Ōe, Murakami, and self-censorship




"… No War and Peace, no Kenzaburo Oe’s Homo Sexualis, no Catcher in the Rye. That’s your Kobayashi Book Shop. I mean, who in their right mind’s going [to] be envious of that? Would you be?"
– Norwegian Wood, Murakami Haruki (translated by Alfred Birnbaum)


For the month of May, the Flips Flipping Pages Shelfari group goes for a reading of art-themed books. I've read Two Novels: J ; Seventeen by Ōe Kenzaburo, translated by Luk Van Haute. The painting referred to in J is "The Inferno" by the Belgian painter Paul Delvaux. Seven characters go to a vacation house to make a film based on this painting. Unfortunately, I can’t find a painting of that title online. It's described in the book as “a reproduction of a work by the surrealist Delvaux, in which several women with lovely pubic hair and an air of abstraction are walking through an eternally quiet landscape in the style of de Chirico.... Their pubic hair was an incomparably beautiful chestnut brown, like a shade of bronze.” To be sure, several paintings by Delvaux feature several nude women walking in an urban landscape. It’s just that no one of them is called “The Inferno” or “Hell,” for that matter.

Anyway, both novels (novellas, really) are great reads, but only J is art-related. According to the introduction to the book by Masao Miyoshi, the original Japanese title of J is “nearly untranslatable” though it can be roughly approximated as Sexual Humans. Well, I find that to be a better and more apt title than J. (It must have been what Alfred Birnbaum, in the above epigraph, was referring to as Homo Sexualis. Curiously the second translation of Norwegian Wood, by Jay Rubin, did not mention a title for Ōe’s book in the same quoted passage.)

“J” is the name of the main protagonist, the husband of the film director who was to shoot her art film. With a limited number of characters (J, his wife-director, his sister, the cameraman, the actor, the poet-screenwriter, and the jazz singer/actress), all of them confined in one setting, complete with alcohol and promiscuity and sexual issues, it’s a staging of Murphy’s Law. What happened in the set, even before filming began, are a combination of decadence, trysts, betrayals, and a hair-raising cultural clash with some conservative people living in the neighborhood.

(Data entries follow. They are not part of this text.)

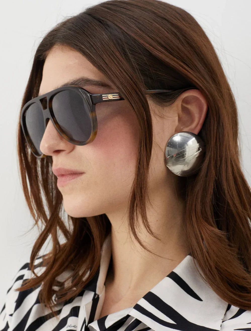 Descubrí los Gucci GG1286S 004 en color Havana, un modelo con diseño aviador que combina estilo clásico y moderno. Su estructura está fabricada en acetato reciclado, un material liviano y sustentable que asegura comodidad durante todo el día.
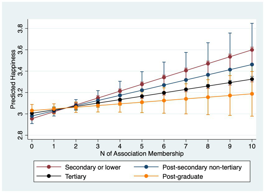 These mechanisms, including social support, meaningful activity, intrinsic motivation, and personal growth, help explain why individuals who belong to multiple associations typically report higher subjective well-being. Empirical studies consistently show that the breadth and continuity of one’s association memberships amplify these positive effects, offering repeated interpersonal contact and long-term engagement that foster durable psychological gains (Chen and Zhang, 2021; Topazian et al., 2022). This body of literature suggests that membership should produce widespread benefits, but they do not tell us whether such benefits vary across different social groups.
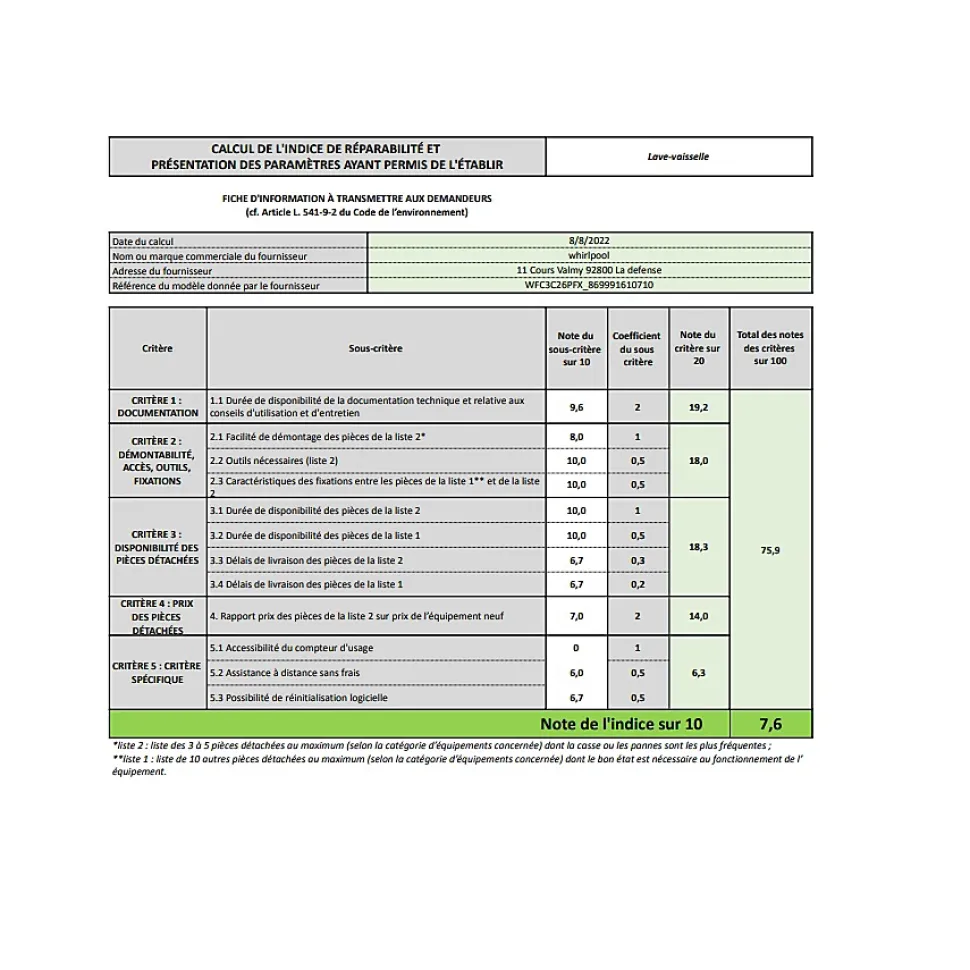 Lave-vaisselle 60cm 14 couverts inox Whirlpool – Le programmateur intelligent 6ème Sens adapte automatiquement la durée du cycle, la température mais aussi la quantité d’eau nécessaire pour un lavage impeccable.Vous économisez ainsi jusqu’à 50%* d’eau et de temps.Ce 3ème tiroir fixe s’adapte à tous vos besoins. Même les ustensiles les plus encombrants peuvent y être placés.Ce 3ème tiroir classique peut être entièrement extrait du lave-vaisselle et transporté comme un plateau pour faciliter le rangement.Avec PowerClean, placez directement plats et casseroles face aux 28 jets haute pression et éliminez les salissures les plus résistantes.PowerClean permet aussi de gagner de l’espace de lavage : jusqu’à 10 assiettes supplémentaires dans le panier inférieur.Avec PowerClean, lavez ensemble casseroles et assiettes et oubliez le prélavage à la main !Programme idéal pour les cuisines ouvertes. Ce programme vous permet de lancer votre lave-vaisselle en toute discrétion même lorsque vous recevez des invités. – Type de construction pose libreType de commande : électroniqueTop amovible : OuiNombre maximum de couverts (UE 2017/1369) : 14Puissance de raccordement : 1900Intensité : 10 ATension : 220-240 VFréquence : 50 HzIEE : 55.9Classe d’efficacité énergétique (UE 2017/1369) : EIndice de performance de lavage : 1.13Indice de performance de séchage : 1.07Consommation énergétique pour 100 cycles de programme Eco (UE 2017/1369) : 95Consommation énergétique en mode Veille (UE 2017/1369) : 0,50Consommation d’eau du programme Eco en litres par cycle (UE 2017/1369) : 9,5Émissions de bruit acoustique dans l’air (UE 2017/1369) : 46Classe d’émissions de bruit acoustique dans l’air (UE 2017/1369) : CDurée du programme (UE 2017/1369) : 3:10Température maximale d’admission d’eau : 60 °COptions de départ différé : ContinuDélai maximum de départ différé :

One can read a sort of edginess and sexual rebelliousness in both novels. In the second part of J, sexual promiscuity takes on a new form. It’s now the realm of chikan (which the translator explained in a footnote to literally mean "an oversexed idiot, used to refer to subway molesters"). There’s a band of chikans, sexual predators plying on trains to molest women. The surprising thing is that Ōe managed to somehow humanize his characters. For all their perversity and immorality, there was an underlying complexity in the depiction of the sexual perverts’ irrational behavior, which did not excuse them, but however made them all too human. "Sexual humans," in fact.

The second novella, Seventeen, is a psychological and political novel, but more political really. It was so controversial in Japan that Ōe suppressed the appearance of its sequel in any translation. In it, Ōe managed to delineate the complex character of a troubled teenager prone to sexual-existential angst. Essentially the book cannot be removed from the political as it was based on true events of a 17-year old who flirted with an extreme right-wing group, stabbed a leftist leader to death, and later hanged himself in jail. The latter two events were the plot of “A Political Youth Dies,” the sequel to Seventeen. ( I don’t think I’m spoiling the story as the sequel is censored anyway.) The actual assassination which happened in 1960 was caught on video. It captured the imagination of the nation and served as a reminder of how extreme the politics of the right can be – the youth was labeled a terrorist.

Ōe certainly had an interesting take on the interplay of sex/politics and private/public life. The two novels deal with sexual perverts and how they become entangled with politics of the day. Somehow, they still maintain their shock value in terms of graphic descriptions. It’s hard to imagine how they were received by the Japanese when they were first published in the 1960s. They were said to cause a sensation.

I'm hoping that Ōe will allow the publication of "A Political Youth Dies", the sequel to Seventeen, which he apparently suppressed because it angered extreme right-wingers and he was uncertain about the style and content of the book. He was like Murakami Haruki in the self-censorship aspect, but they have different motivations for censoring their own works. Murakami's motivation was aesthetic (he thinks his two early novels were juvenile works) while Ōe's were aesthetic and political (right-wingers threw stones at his house and harassed him with death threats, leftists constantly sent him letters accusing him of betrayal and cowardice when he withdrew publication of his books). These writers are being too harsh on themselves.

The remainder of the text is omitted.